Friday dear reader and never has it taken so long to get to the end of a week. This week has just been awful from a health point of view, I don't think I've ever been as ill with flu as I have been this week and it's only today when I've woken up that I finally feel like I'm turning a corner though judging by the fact that I also woke up with all of my hair stuck to me I still have a little way to go before I am back to tip top health!
It's a relief though as I'll be able to get out to do the 5 planned photo shoots in my schedule tomorrow but I'll do them knowing I can come home and go straight to bed afterwards and any Christmas shopping I haven't done yet, well quite frankly it's just got no chance although I do know that the Christmas elf who brings us all new pyjamas on Christmas Eve probably still needs a little help.

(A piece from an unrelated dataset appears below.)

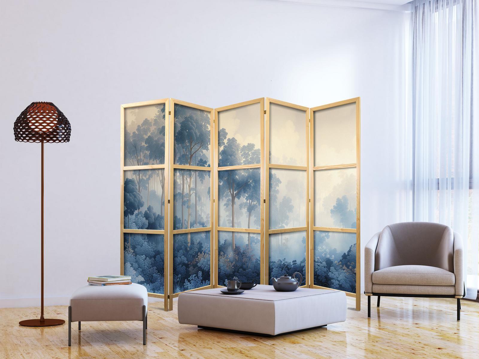 Liegen Ihnen der japanische Stil und die japanische Kultur am Herzen? Aber nicht nahe genug, um dort zu leben oder diesen Teil der Welt zu besuchen? Sind Sie auf der Suche nach einer modernen Dekoration für Ihr Zuhause? Sehen Sie sich die japanischen Paravents an. Dieses vergessene dekorative Element ist sowohl zu Hause als auch im Büro sehr nützlich. Für wenig Geld können Sie Ihre Wohnung fast wie neu einrichten. Japanische Paravents fügen sich perfekt in jeden Einrichtungsstil ein. Ein Paravent "Japanischer Paravent - Landscape with Trees in Illustrative Style - Fairy-Tale Blue Forest" ist nicht nur eine tolle Dekorationsidee, sondern auch eine praktische Möglichkeit, für Privatsphäre zu sorgen. Müssen Sie aus Ihrem Wohnzimmer zwei Räume machen? Ein japanischer Paravent ist in einem solchen Fall die ideale Lösung. Darüber hinaus unterstreicht das einseitig aufgedruckte Motiv mit Bezug zu Japan Ihr Interesse an der orientalischen Kultur. Wenn Sie in einer Einzimmerwohnung leben, ist japanischer Paravent eine gute Lösung, um die verschiedenen Bereiche voneinander zu trennen. Auf diese Weise schaffen Sie definierte Bereiche für das Esszimmer oder das Wohnzimmer oder sogar trennen Ihre Home-Office-Ecke ab und nutzen ein schönes Objekt, das viel Charme in Ihr Interieur bringt.

Thank goodness then that I did my Christmas grocery shop weeks ago and that's all getting delivered on Monday afternoon (though goodness knows where I'm actually going to put it all, anyone got a spare fridge?).
I managed to get 2 books ordered for myself so that I have something to occupy me whilst the girls aren't here, I'm just a bit sad that I'm not excited about Christmas, every year all I ever wanted were huge family christmases, the ones where you have to have 3 separate christmases to fit everyone from your family in, well I've achieved a family so huge I could fit them all into a half hour of Christmas. I know you hear people complaining about drunk aunties in the corner or snoring uncles but I'd love that, i could even be the tipsy auntie in the corner if anyone needs one? I've been thinking this week and crying a lot which is I think due to flu but also due to the realisation that this year has been pretty horrible and I feel responsible for the pain I've caused my children and myself I suppose.
My offer still stands to anyone who's feeling lonely over the Christmas period, if you have no one please do consider my offer and come to our house, the best thing about 2 or 3 lonely people is that you put them all together and the loneliness isn't there anymore.
This Christmas let us all hope for togetherness and then we can celebrate that!